ChatGPT: "I can access the following tools:
- query_database: Query the company PostgreSQL database
- search_docs: Search internal documentation
- create_ticket: Create tickets in Jira
- get_customer_info: Retrieve customer data from Salesforce CRM
..."

Step 8: Production Deployment

For production environments, run tunnel-client as a background service.

Linux systemd

sudo systemctl enable openai-tunnel-client
sudo systemctl start openai-tunnel-client
sudo systemctl status openai-tunnel-client

Kubernetes

kubectl apply -f tunnel-client-deployment.yaml
kubectl get pods -l app=tunnel-client
kubectl logs -f deployment/tunnel-client

Docker

docker run -d \
  --name tunnel-client \
  --restart always \
  -e CONTROL_PLANE_API_KEY="sk-..." \
  -v /opt/tunnel-client/config:/root/.tunnel-client \
  openai/tunnel-client:latest \
  run --profile production-http

Advanced Configuration

Outbound Proxy Support

If your network requires all outbound HTTPS through a corporate proxy:

export HTTPS_PROXY="http://proxy.corp.example.com:8080"
export NO_PROXY="localhost,127.0.0.1,.internal.example.com"

tunnel-client run --profile production-http

Or configure in the profile:

{
  "tunnel_id": "tunnel_...",
  "mcp_server_url": "https://mcp.internal.example.com/mcp",
  "proxy": {
    "https_proxy": "http://proxy.corp.example.com:8080",
    "no_proxy": ["localhost", ".internal.example.com"]
  }
}

Custom CA Certificates

For internal certificate authorities:

tunnel-client run \
  --profile production-http \
  --ca-bundle /etc/ssl/certs/company-ca-bundle.pem

Or in profile:

{
  "ca_bundle_path": "/etc/ssl/certs/company-ca-bundle.pem"
}

Control-Plane mTLS

For mutual TLS authentication to OpenAI's tunnel control plane:

tunnel-client run \
  --profile production-http \
  --control-plane-url https://mtls.api.openai.com \
  --control-plane-cert /etc/tunnel-client/client-cert.pem \
  --control-plane-key /etc/tunnel-client/client-key.pem

Profile configuration:

{
  "control_plane_url": "https://mtls.api.openai.com",
  "control_plane_mtls": {
    "cert_path": "/etc/tunnel-client/client-cert.pem",
    "key_path": "/etc/tunnel-client/client-key.pem"
  }
}

MCP-Side mTLS

Authenticate tunnel-client to your private MCP server using client certificates:

{
  "mcp_server_url": "https://mcp.internal.example.com/mcp",
  "mcp_client_mtls": {
    "cert_path": "/etc/tunnel-client/mcp-client-cert.pem",
    "key_path": "/etc/tunnel-client/mcp-client-key.pem",
    "ca_bundle_path": "/etc/ssl/certs/mcp-ca.pem"
  }
}

High Availability

Run multiple tunnel-client instances for redundancy:

Kubernetes Deployment

apiVersion: apps/v1
kind: Deployment
metadata:
  name: tunnel-client
spec:
  replicas: 3  # Multiple instances
  selector:
    matchLabels:
      app: tunnel-client
  template:
    metadata:
      labels:
        app: tunnel-client
    spec:
      containers:
      - name: tunnel-client
        image: openai/tunnel-client:latest
        env:
        - name: CONTROL_PLANE_API_KEY
          valueFrom:
            secretKeyRef:
              name: openai-tunnel-secret
              key: api-key
        resources:
          requests:
            memory: "128Mi"
            cpu: "100m"
          limits:
            memory: "256Mi"
            cpu: "500m"
        livenessProbe:
          httpGet:
            path: /healthz
            port: 8090
          initialDelaySeconds: 10
          periodSeconds: 30
        readinessProbe:
          httpGet:
            path: /readyz
            port: 8090
          initialDelaySeconds: 5
          periodSeconds: 10

OpenAI's tunnel service automatically distributes requests across connected instances.
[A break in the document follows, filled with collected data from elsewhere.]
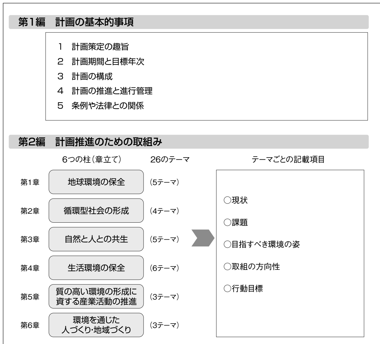
図 環境総合計画の構成（概要）

行動目標は、県民、事業者、行政が協働して取り組むことを基本にして設定し、全体で87項目あります。
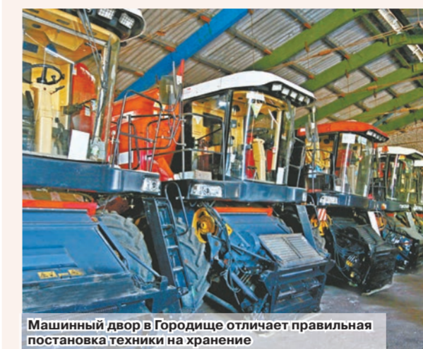
Машинный двор в Городецке отличает правильная постановка техники на хранение

Чем ближе время посевной, тем больше внимания к сельскохозяйственной технике. Затягивать с ремонтом дальше некуда: на линейке готовности она должна стоять уже. О том, как быстро и качественно подготовить технику к весне, знают в ОАО «Новгородищенское». Именно поэтому на машинном дворе в Городецке был проведен семинар для главных инженеров сельхозорганизаций района.
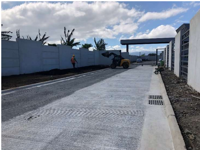
Calle principal de acceso
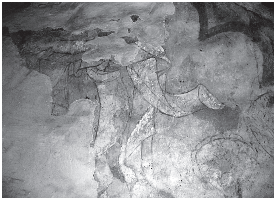
Obr. 6. Most pri Bratislave, fragment skupiny Krista s neveriacim Tomášom v hornom obraze južnej steny.

Horné pole pod lunetou klenby, rámované okrovými oblúčkami s červeným okrajom a červeno maľovanými cviklami, vyplňala scéna Ukrižovania, z ktorej sa zachovala v strede horná časť kríža, rúk a svätožiari Krista, na pravej strane fragment hlavy Jána evanjelistu a časť jeho rúcha, pri pravom okraji poľa takmer celá postava stotníka. Má na sebe tesný kabátec, siahajúci do polovice stehien, krátky plášťik, zopätý pri krku dvomi gombíkmi a turbanovitú pokrývku hlavy, v ľavej ruke drží rukoväť meča s guľovou hlavicou, ktorý je prekrytý prehnutým, dolu zašpicatým štítom s hákovým výbežkom, jeho zdvihnutá pravá ruka s natiahnutým ukazovákou smeruje ku Kristovi. Na ľavej strane poľa sa zachovala len časť jednej stojacej ženskej postavy, snáď Márie Magdalény, zahalenej do plášta, so svätožia-
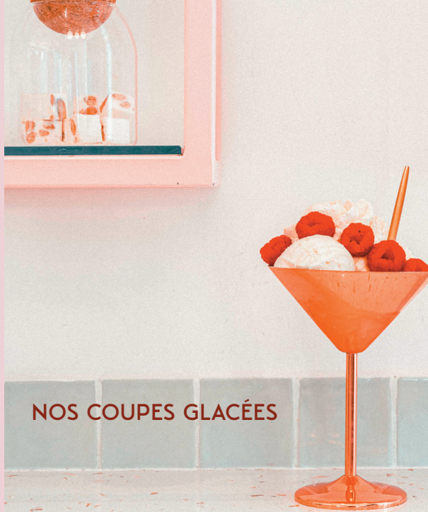
NOS COUPES GLACÉES
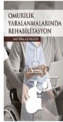
Omurilik Yaralanmalarında Rehabilitasyon

Harpoon: Allowlisted HTTP Callouts

For narrowly scoped HTTP callouts from ChatGPT into your network without a full MCP server:

Configure allowed targets:

{
  "tunnel_id": "tunnel_...",
  "harpoon": {
    "enabled": true,
    "targets": [
      {
        "label": "customer_api",
        "base_url": "https://api.internal.example.com",
        "allowed_methods": ["GET", "POST"],
        "max_request_size_bytes": 1048576,
        "max_response_size_bytes": 10485760,
        "timeout_seconds": 30
      },
      {
        "label": "metrics_api",
        "base_url": "https://metrics.internal.example.com",
        "allowed_methods": ["GET"],
        "timeout_seconds": 10
      }
    ]
  }
}

Use from ChatGPT:

User: "Fetch customer metrics from our internal API"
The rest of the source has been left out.